Hiroki Kumoyama
- Born: 18 July 1999 (age 26) Nishinomiya, Japan
- Height: 1.87 m (6 ft 2 in)
- Weight: 95 kg (14 st 13 lb; 209 lb)
- School: Hōtoku Gakuen High School
- University: Meiji University

Rugby union career
- Position: Fullback
- Current team: Hanazono Kintetsu Liners

Senior career
- Years: Team / Apps / (Points)
- 2020: Sunwolves / 0 / (0)
- 2022–2024: Tokyo Sungoliath / 2 / (0)
- 2024–: Hanazono Kintetsu Liners / 20 / (20)
- Correct as of 3 November 2025

= Hiroki Kumoyama =

Japanese rugby union player

Hiroki Kumoyama (雲山弘貴, Hiroki Unzan) is a Japanese rugby union player who plays as a fullback.
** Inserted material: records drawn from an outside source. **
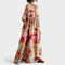Este vestido maxi boémio celebra a alegria dos pequenos detalhes: cada círculo colorido — em tons de laranja, vermelho, fúcsia e turquesa — traz vida ao tecido leve, enquanto a silhueta fluida e o decote em V acentuam o seu espírito livre. As mangas amplas em estilo morcego e os bolsos laterais escondem a praticidade sob um toque artístico, permitindo-lhe dançar entre o quotidiano e as ocasiões especiais com um sorriso de confiança.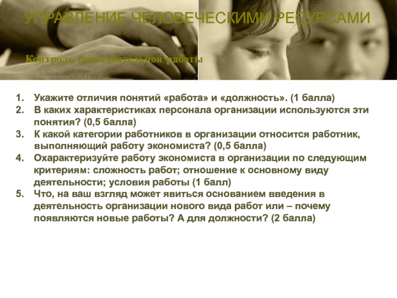 Контроль самостоятельной работыУПРАВЛЕНИЕ ЧЕЛОВЕЧЕСКИМИ РЕСУРСАМИУкажите отличия понятий «работа» и «должность». (1 балла)В каких характеристиках персонала организации используются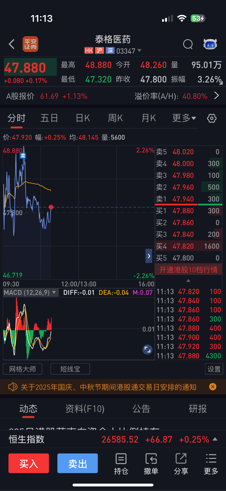 $泰格医药(HK|03347)$ 还是挺看好你的 t了一半 之前44.5进的

He currently plays for Hanazono Kintetsu Liners in Japan's domestic Japan Rugby League One.

==Early career==
Kumoyama is from Nishinomiya and attended Hōtoku Gakuen High School where he first played rugby and was selected for Japan while at high school. After school, he attended Meiji University where he also played rugby between 2018 and 2022.

==Professional career==
While still a university student, Kumoyama signed for the Japanese Super Rugby side the Sunwolves, being named as part of their squad for the 2020 Super Rugby season. He did not make an appearance for the side. After graduating he signed for the Tokyo Sungoliath in 2022, making his debut in January 2023. He would only make one further appearance for the side due to competition for places, before joining Hanazono Kintetsu Liners ahead of the 2025 season.